Siu Han, Taipei; Charlene Chen, DIGITIMES Asia 0

Credit: DIGITIMES

The visibility of automotive product orders for LED manufacturer Edison is projected to extend throughout 2025, instilling confidence in the growth momentum of automotive orders. The company anticipates that both its LED lighting and automotive businesses will experience double-digit growth in 2025, particularly with finished product applications expected to achieve a compound annual growth rate of 20%.

Edison stated that it is currently focusing on lighting and automotive markets. In the LED lighting segment, aside from Taiwan's ESG lighting applications, the company aims to target the European green energy lighting market, expanding towards different customer groups and striving to secure large international clients through environmentally friendly and energy-saving concepts.

In terms of automotive products, the focus is currently on fog lights, tail lights, grille lights, and interior reading lights. Primarily targeting the North American market, the company is collaborating with international manufacturers to develop new products and expects significant growth in automotive shipments by 2025.

Regarding production capacity utilization across various products, the automotive production lines encompass components, modules, and finished products. Currently, the utilization rate for automotive finished products is approximately 80-90%, while modules are around 70-75%. However, the utilization rate for automotive components is lower at about 60% with fewer shipments of LED lighting components. The average utilization rate for SMT module to finished product assembly lines stands at 70-80%.

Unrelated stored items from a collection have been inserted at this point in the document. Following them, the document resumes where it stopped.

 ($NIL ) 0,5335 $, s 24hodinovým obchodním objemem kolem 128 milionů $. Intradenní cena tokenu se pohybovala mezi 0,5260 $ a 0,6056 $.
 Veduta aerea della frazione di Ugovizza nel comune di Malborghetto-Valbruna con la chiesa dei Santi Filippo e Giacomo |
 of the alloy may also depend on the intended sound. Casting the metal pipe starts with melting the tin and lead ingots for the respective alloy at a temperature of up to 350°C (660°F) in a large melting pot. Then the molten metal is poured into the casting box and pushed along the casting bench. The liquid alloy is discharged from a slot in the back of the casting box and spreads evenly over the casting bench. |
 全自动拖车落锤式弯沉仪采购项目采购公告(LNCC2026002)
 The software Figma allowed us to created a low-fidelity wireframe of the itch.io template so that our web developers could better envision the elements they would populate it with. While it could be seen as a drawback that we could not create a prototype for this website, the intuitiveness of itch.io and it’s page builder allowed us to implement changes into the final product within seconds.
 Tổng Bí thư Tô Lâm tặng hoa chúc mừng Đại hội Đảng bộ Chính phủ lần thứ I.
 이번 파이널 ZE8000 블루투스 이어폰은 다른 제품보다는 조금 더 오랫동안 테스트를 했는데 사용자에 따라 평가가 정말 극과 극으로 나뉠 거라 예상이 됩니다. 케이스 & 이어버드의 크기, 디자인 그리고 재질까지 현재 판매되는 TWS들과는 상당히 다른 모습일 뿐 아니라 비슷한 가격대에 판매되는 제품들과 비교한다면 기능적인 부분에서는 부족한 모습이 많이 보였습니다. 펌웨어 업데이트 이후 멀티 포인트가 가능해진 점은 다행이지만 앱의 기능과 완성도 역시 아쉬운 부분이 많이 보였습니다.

In terms of revenue contribution, automotive LED products account for 48%, general LED products for 47%, and sensor components for 5%. Automotive LED components mainly serve Chinese automakers, including Nio, Li Auto, and Xiaomi. The automotive modules and finished products predominantly cater to the North American market, supplying first-tier automotive lighting clients.

The share of automotive products is expected to further increase in 2025, with an ongoing effort to enhance the proportion of finished products, thereby fostering customized collaboration models with customers.

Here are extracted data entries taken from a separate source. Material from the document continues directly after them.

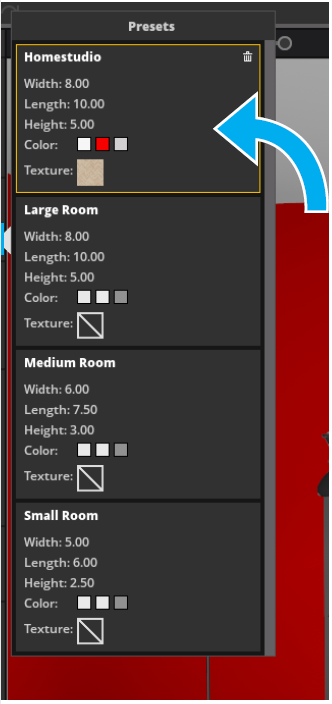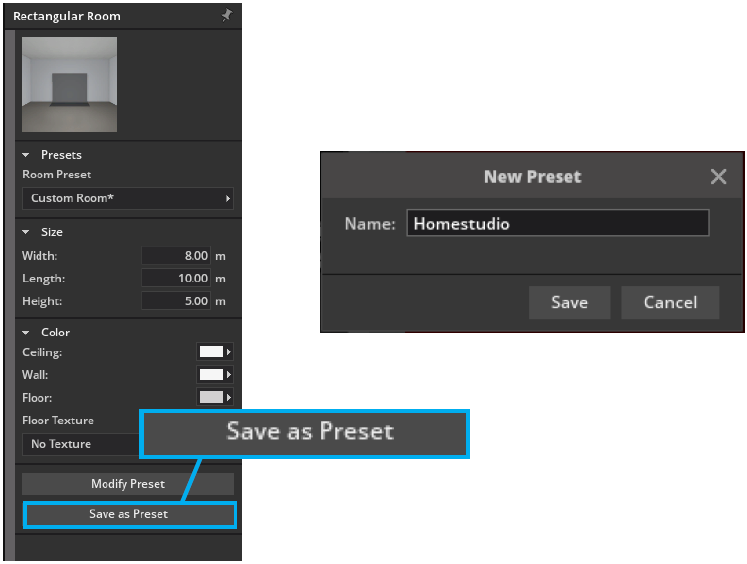 将您自己的工作室保存为房间预设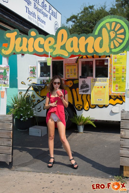 Озорная девушка устроила себе выходной в парке развлечений, но она не может обойтись без разврата и там девушка показывает белые трусики под юбкой которую красавица периодически задирает перед фото камерой в руках у подруги. Милашка знает как возбудить интерес к своей персоне и с лёгкостью это делает заигрывая с нами через камеру. А в завершение прогулки девушка покажет голые сиськи, но так и не снимет трусики.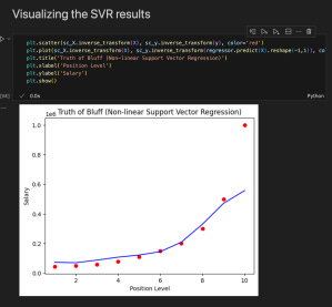 I recently completed a section in an amazing machine learning course I am taking on Support Vector Regression and thought I would share the dataset, the code and the visualization of the results below.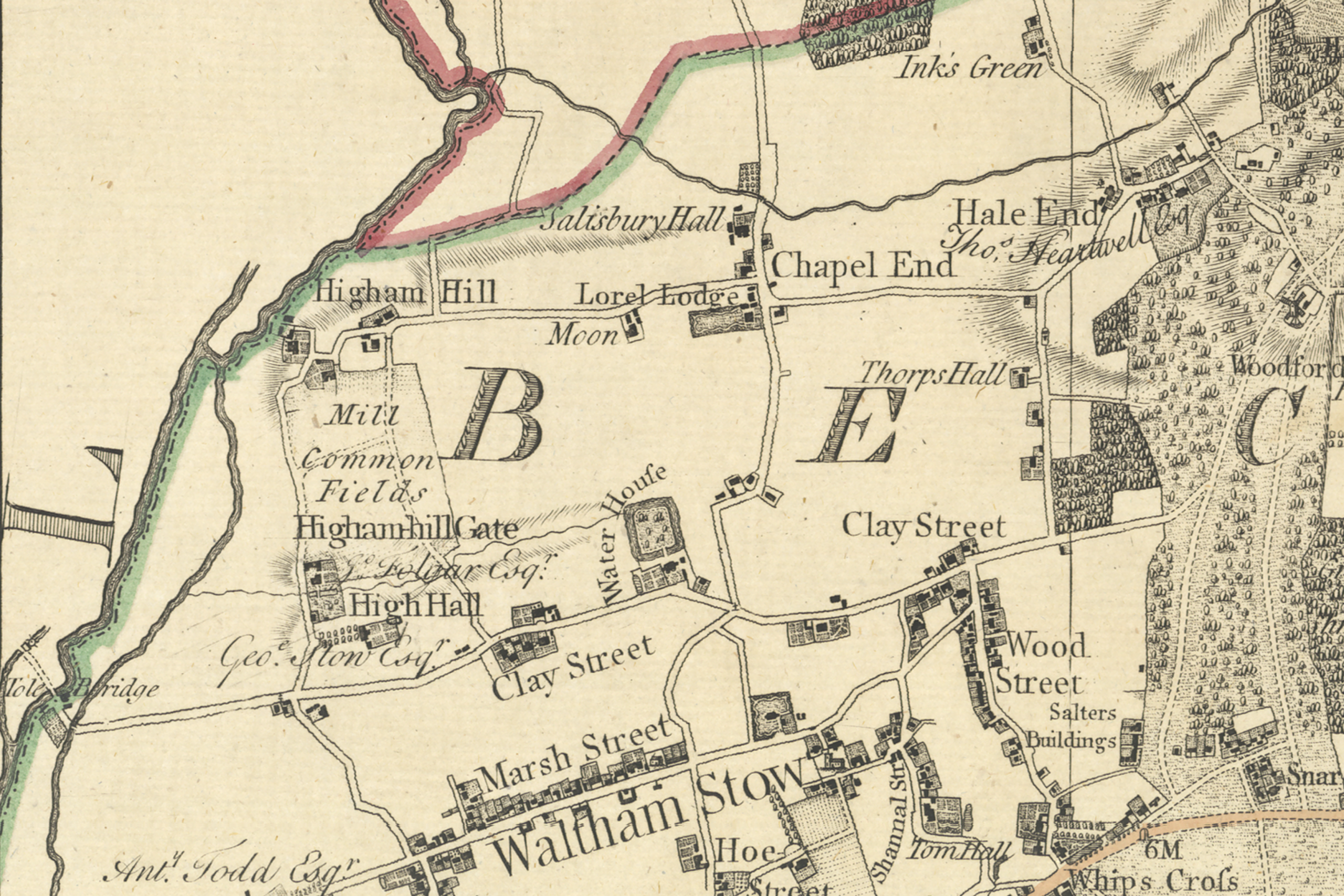 The first map of the entire of Essex from 1777 (bottom portion of left column on the full map) shows Higham Hill and its surroundings were largely rural farmland with only a scattering of buildings. Blackhorse Rd, Billet Rd, Higham Hill Rd, Chingford Rd, and Forest Rd (then called Clay Street) were the only roadways along with Folly Lane, which extended north to Chingford Green along the route of today’s Hall Lane A1009.

New Zhongli factory acquired in response to international demands

To address the demands from international manufacturers regarding production line length and scale, Edison stated that existing facilities can no longer meet these needs. Therefore, it acquired a new factory in Zhongli, which is set to be completed in June 2025, with mass production expected to commence in the fourth quarter.

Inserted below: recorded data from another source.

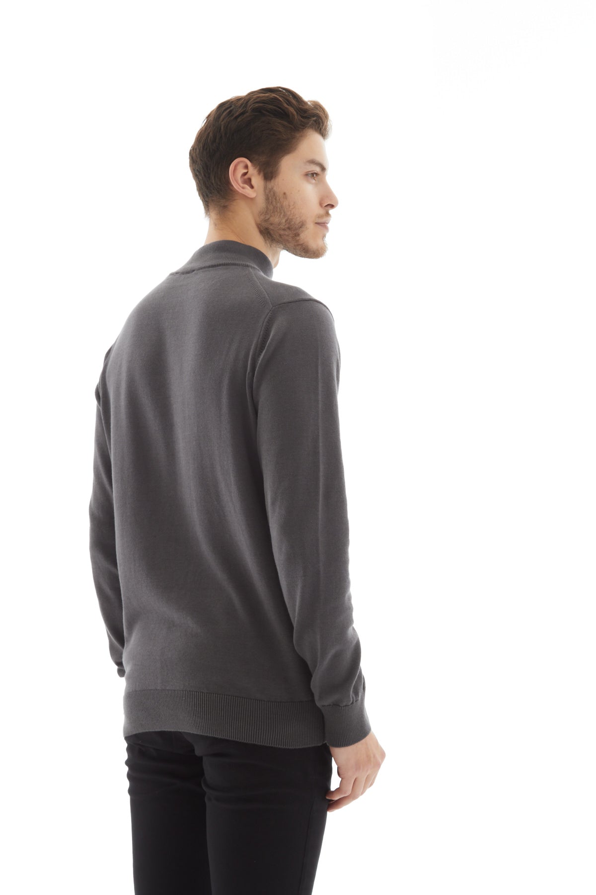 Pamuk Akrilik Slim Fit Yarım Balıkçı Füme Erkek Triko Kazak
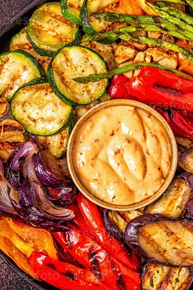 Жареные овощи на тарелке с соусом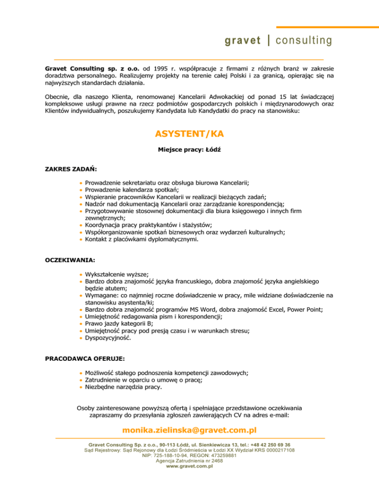 grave t consulting Gravet Consulting sp. z o.o. od 1995 r. współpracuje z firmami z różnych branż w zakresie doradztwa personalnego. Realizujemy projekty na terenie całej Polski i za granicą, opierając się na najwyższych standardach działania. Obecnie, dla naszego Klienta, renomowanej Kancelarii Adwokackiej od ponad 15 lat świadczącej kompleksowe usługi prawne na rzecz podmiotów gospodarczych polskich i międzynarodowych oraz Klientów indywidualnych, poszukujemy Kandydata lub Kandydatki do pracy na stanowisku: ASYSTENT/KA Miejsce pracy: Łódź ZAKRES ZADAŃ: Prowadzenie sekretariatu oraz obsługa biurowa Kancelarii; Prowadzenie kalendarza spotkań; Wspieranie pracowników Kancelarii w realizacji bieżących zadań; Nadzór nad dokumentacją Kancelarii oraz zarządzanie korespondencją; Przygotowywanie stosownej dokumentacji dla biura księgowego i innych firm zewnętrznych; • Koordynacja pracy praktykantów i stażystów; • Współorganizowanie spotkań biznesowych oraz wydarzeń kulturalnych; • Kontakt z placówkami dyplomatycznymi. • • • • • OCZEKIWANIA: • Wykształcenie wyższe; • Bardzo dobra znajomość języka francuskiego, dobra znajomość języka angielskiego będzie atutem; • Wymagane: co najmniej roczne doświadczenie w pracy, mile widziane doświadczenie na stanowisku asystenta/ki; • Bardzo dobra znajomość programów MS Word, dobra znajomość Excel, Power Point; • Umiejętność redagowania pism i korespondencji; • Prawo jazdy kategorii B; • Umiejętność pracy pod presją czasu i w warunkach stresu; • Dyspozycyjność. PRACODAWCA OFERUJE: • Możliwość stałego podnoszenia kompetencji zawodowych; • Zatrudnienie w oparciu o umowę o pracę; • Niezbędne narzędzia pracy. Osoby zainteresowane powyższą ofertą i spełniające przedstawione oczekiwania zapraszamy do przesyłania zgłoszeń zawierających CV na adres e-mail: [email protected] Gravet Consulting Sp. z o.o., 90-113 Łódź, ul. Sienkiewicza 13, tel.: +48 42 250 69 36 Sąd Rejestrowy: Sąd Rejonowy dla Łodzi Śródmieścia w Łodzi XX Wydział KRS 0000217108 NIP: 725-188-10-94, REGON: 473259881 Agencja Zatrudnienia nr 2468 www.gravet.com.pl grave t consulting W tytule wiadomości prosimy wpisać: AS/16 . Dziękując Państwu za zainteresowanie naszym projektem, informujemy, że skontaktujemy się wyłącznie z wybranymi Kandydatami. Prosimy o dopisanie w dokumentach aplikacyjnych następującej klauzuli: „Wyrażam zgodę na przetwarzanie moich danych osobowych i wprowadzenie ich do bazy danych firmy Gravet Consulting Sp. z o.o. z siedzibą w Łodzi, ul. Sienkiewicza 13, w celu przedstawiania mi ofert zatrudnienia, zgodnie z przepisami ustawy z 29.08.1997 o ochronie danych osobowych (Dz. U. z 2002 r. nr 101, poz. 926 z poźn. zm.). Przyjmuję do wiadomości, że przysługuje mi prawo wglądu do treści moich danych oraz ich poprawiania.” Gravet Consulting Sp. z o.o., 90-113 Łódź, ul. Sienkiewicza 13, tel.: +48 42 250 69 36 Sąd Rejestrowy: Sąd Rejonowy dla Łodzi Śródmieścia w Łodzi XX Wydział KRS 0000217108 NIP: 725-188-10-94, REGON: 473259881 Agencja Zatrudnienia nr 2468 www.gravet.com.pl

Once space becomes available in the existing Zhonghe plant, it will accommodate the automotive production lines of its subsidiary, Edison-Litek, in preparation for future capacity expansion. Consequently, capital expenditures for 2025 are estimated at NT$100 million (approx. US$3.07 million), focusing not only on the renovation of the Zhongli factory but also on enhancing equipment utilization rates and efficiency.

Looking ahead, Edison noted that the order visibility for LED lighting is about two months, whereas the visibility for automotive products could last up to one year. Although the industry is expected to enter off-season in the fourth quarter, stable demand for automotive products may mitigate seasonal downturns, potentially extending growth trends into the first quarter of 2025.

Benefiting from consistent growth in orders from European and American clients, Edison projects that finished product shipments in lighting and automotive sectors will grow by at least 20% in 2025, while shipments of lighting and automotive modules are expected to see growth between 10-20%. Currently, the gross margin performance for automotive finished products and lighting modules is favorable, and with improved utilization rates, there is optimism for enhanced gross margins, maintaining a positive outlook for operations in 2025.